Even before arriving in the United States in 1941, Chagall was awarded the Carnegie Prize third prize in 1939 for "Les Fiancés". After being in the US he discovered that he had already achieved "international stature", writes Cogniat, although he felt ill-suited in this new role in a foreign country whose language he could not yet speak. He became a celebrity mostly against his will, feeling lost in the strange surroundings.

After a while he began to settle in New York, which was full of writers, painters, and composers who, like himself, had fled from Europe during the Nazi invasions. He lived at 4 East 74th Street. He spent time visiting galleries and museums, and befriended other artists including Piet Mondrian and André Breton.

Baal-Teshuva writes that Chagall "loved" going to the sections of New York where Jews lived, especially the Lower East Side. There he felt at home, enjoying the Jewish foods and being able to read the Yiddish press, which became his main source of information since he did not yet speak English.

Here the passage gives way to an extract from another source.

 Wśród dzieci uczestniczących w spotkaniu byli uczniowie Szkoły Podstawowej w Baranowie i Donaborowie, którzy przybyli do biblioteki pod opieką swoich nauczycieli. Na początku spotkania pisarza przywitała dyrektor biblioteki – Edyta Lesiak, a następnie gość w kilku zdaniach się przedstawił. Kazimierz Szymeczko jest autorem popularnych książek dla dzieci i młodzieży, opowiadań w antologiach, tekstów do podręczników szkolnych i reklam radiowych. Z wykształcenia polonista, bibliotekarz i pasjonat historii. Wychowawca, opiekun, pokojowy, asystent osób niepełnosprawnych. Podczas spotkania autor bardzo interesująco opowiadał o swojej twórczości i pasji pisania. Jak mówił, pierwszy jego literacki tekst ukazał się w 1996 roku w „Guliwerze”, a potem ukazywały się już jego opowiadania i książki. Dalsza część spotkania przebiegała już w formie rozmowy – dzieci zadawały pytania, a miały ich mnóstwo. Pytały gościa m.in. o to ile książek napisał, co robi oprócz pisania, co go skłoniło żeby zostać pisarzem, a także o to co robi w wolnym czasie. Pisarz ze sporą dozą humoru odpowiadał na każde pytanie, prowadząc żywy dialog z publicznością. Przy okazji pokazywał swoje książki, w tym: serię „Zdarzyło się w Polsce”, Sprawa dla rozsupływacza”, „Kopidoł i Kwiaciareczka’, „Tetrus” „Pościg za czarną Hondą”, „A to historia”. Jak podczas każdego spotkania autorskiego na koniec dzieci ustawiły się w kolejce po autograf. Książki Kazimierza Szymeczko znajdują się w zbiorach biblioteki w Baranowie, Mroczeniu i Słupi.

Contemporary artists did not yet understand or even like Chagall's art. According to Baal-Teshuva, "they had little in common with a folkloristic storyteller of Russo-Jewish extraction with a propensity for mysticism." The Paris School, which was referred to as 'Parisian Surrealism', meant little to them. Those attitudes would begin to change, however, when Pierre Matisse, the son of recognized French artist Henri Matisse, became his representative and managed Chagall exhibitions in New York and Chicago in 1941. One of the earliest exhibitions included 21 of his masterpieces from 1910 to 1941. Art critic Henry McBride wrote about this exhibit for the New York Sun:

Chagall is about as gypsy as they come... these pictures do more for his reputation than anything we have previously seen... His colors sparkle with poetry... his work is authentically Russian as a Volga boatman's song...

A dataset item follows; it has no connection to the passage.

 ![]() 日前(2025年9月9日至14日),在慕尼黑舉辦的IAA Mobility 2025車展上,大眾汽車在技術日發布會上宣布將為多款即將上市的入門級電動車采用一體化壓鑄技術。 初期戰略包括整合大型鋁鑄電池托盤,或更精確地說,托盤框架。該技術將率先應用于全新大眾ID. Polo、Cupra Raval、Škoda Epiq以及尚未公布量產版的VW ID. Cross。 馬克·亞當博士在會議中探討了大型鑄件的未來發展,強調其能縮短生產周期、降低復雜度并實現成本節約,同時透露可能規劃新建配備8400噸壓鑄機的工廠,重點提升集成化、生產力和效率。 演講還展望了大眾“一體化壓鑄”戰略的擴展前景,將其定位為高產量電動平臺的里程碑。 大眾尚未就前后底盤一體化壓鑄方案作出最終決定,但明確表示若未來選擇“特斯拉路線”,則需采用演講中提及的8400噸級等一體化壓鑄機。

====Aleko ballet (1942)====
He was offered a commission by choreographer Léonide Massine of the Ballet Theatre of New York to design the sets and costumes for his new ballet, Aleko. This ballet would stage the words of Alexander Pushkin's verse narrative The Gypsies with the music of Tchaikovsky. The ballet was originally planned for a New York debut, but as a cost-saving measure it was moved to Mexico where labor costs were cheaper than in New York. While Chagall had done stage settings before while in Russia, this was his first ballet, and it would give him the opportunity to visit Mexico. While there, he quickly began to appreciate the "primitive ways and colorful art of the Mexicans", notes Cogniat. He found "something very closely related to his own nature", and did all the color detail for the sets while there. Eventually, he created four large backdrops and had Mexican seamstresses sew the ballet costumes.

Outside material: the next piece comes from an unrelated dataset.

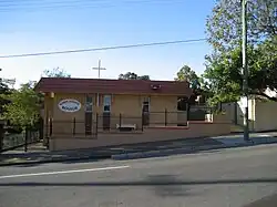 Adjacent to the school are a number of Catholic buildings still owned by the Parish. At 369 Given Terrace stands the large red brick Sacred Heart Church, built in 1917. Immediately across the road at 333 Given Terrace is the "Sacred Heart Primary School" (consisting of 5 small buildings) for grades 1–7, now closed but used by other Catholic groups. Behind that is a brick community hall constructed in 1978. There is also a parish priest residence on Given Terrace and a smaller building on the corner of Fernberg Road and Given Terrace that stands where the parish’s original wooden church stood. The original wooden church was constructed and formally blessed by Archbishop Robert Dunne on 10 March 1907 and was used until the large brick church was built in 1917, and thereafter it was used for primary school schooling until it burnt down in the 1970s. Finally at 327 Given Terrace there is the Sacred Heart Convent built in 1918 which was owned and used by the Sisters of Mercy order of nuns (who had commenced teaching in the parish in 1905) until sold by them in 2005.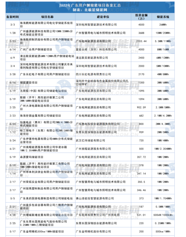 中國儲能網(wǎng)訊:2022年以來,廣東共有67個儲能項目進行了備案,儲能投資金額超22億,儲能總規(guī)模超4.8GW/10.04GWh。投資方向出現(xiàn)兩極分化,寧德時代、中廣核等企業(yè)主要投資大規(guī)模儲能,不斷突破儲能規(guī)模上線,而南方電網(wǎng)等企業(yè)則廣鋪用戶側(cè)儲能,側(cè)重服務(wù)市場應(yīng)用。

When the ballet premiered at the Palacio de Bellas Artes in Mexico City on 8 September 1942 it was considered a "remarkable success". In the audience were other famous mural painters who came to see Chagall's work, including Diego Rivera and José Clemente Orozco. According to Baal-Teshuva, when the final bar of music ended, "there was a tumultuous applause and 19 curtain calls, with Chagall himself being called back onto the stage again and again." The production then moved to New York, where it was presented four weeks later at the Metropolitan Opera and the response was repeated, "again Chagall was the hero of the evening". Art critic Edwin Denby wrote of the opening for the New York Herald Tribune that Chagall's work:

has turned into a dramatized exhibition of giant paintings... It surpasses anything Chagall has done on the easel scale, and it is a breathtaking experience, of a kind one hardly expects in the theatre.

====Coming to grips with World War II====

After Chagall returned to New York in 1943 current events began to interest him more, and this was represented by his art, where he painted subjects including the Crucifixion and scenes of war. He learned that the Germans had destroyed the town where he was raised, Vitebsk, and became greatly distressed. He also learned about the Nazi concentration camps. During a speech in February 1944, he described some of his feelings:

Meanwhile, the enemy jokes, saying that we are a "stupid nation". He thought that when he started slaughtering the Jews, we would all in our grief suddenly raise the greatest prophetic scream, and would be joined by the Christian humanists. But, after two thousand years of "Christianity" in the world—say whatever you like—but, with few exceptions, their hearts are silent... I see the artists in Christian nations sit still—who has heard them speak up? They are not worried about themselves, and our Jewish life doesn't concern them.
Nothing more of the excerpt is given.